The initial research was done in vitro and then extended to mice studies. When they administered orlistat to mice bearing prostate tumors, the Smith laboratory discovered that the drug was able to inhibit tumor growth in mice. Further experiments confirmed that orlistat has no effect on normal prostate cells and no apparent side effects in the mice; it acts specifically as fatty acid synthase.
Additional screening of breast cancer and colon cancer cells revealed that fatty acid synthase activity is unregulated in these tumors as well. These findings, while preliminary, open the door to designing new treatments for these cancers based on inhibiting the enzyme's activity with drugs that inhibits its activity.

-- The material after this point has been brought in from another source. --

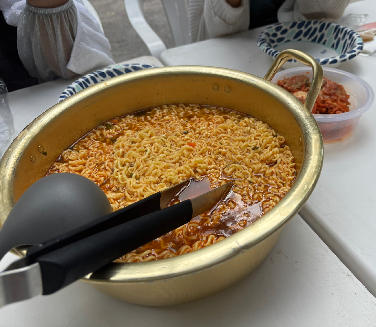 점심은 라면과 김치! 안타깝게도 진라면 순한 맛이었지만, 이곳에서 유일하게 따끈한 생명줄이었다. 하지만 날이 춥다 보니 금방 식어갔고, 국물을 연신 떠마셨지만 입술만 파래져갔다. 결국 이 날 먹은 라면 냄새가 다음날까지 속에서 사라지지 않아서, 아직까지 라면은 못 먹고 있다.

"This discovery with orlistat has given us a very nice wedge with which we can go in and perturb tumor cells and ask the question, 'What are the active targets, what are the other changes that take place when you inhibit fatty acid synthase?'", says Dr. Smith, "and that will give us really good insights into the mechanism, and we anticipate that's going to reveal a whole swath of additional drug targets along this pathway. This is a big advance in the sense that we have an approved drug--approved for one indication--that has another target and another potential disease indication, prostate cancer."
Dr. Smith is Associate Scientific Director for Technology at The Burnham Institute, where he is also an Associate Professor in the Institute's NCI-designated Cancer Center.
Co-authors contributing to this study include Drs. Steven J. Kridel and Fumiko Axelrod, postdoctoral fellows at The Burnham Institute, and Dr. Natasha Rozenkrantz of Activix Biosciences in La Jolla.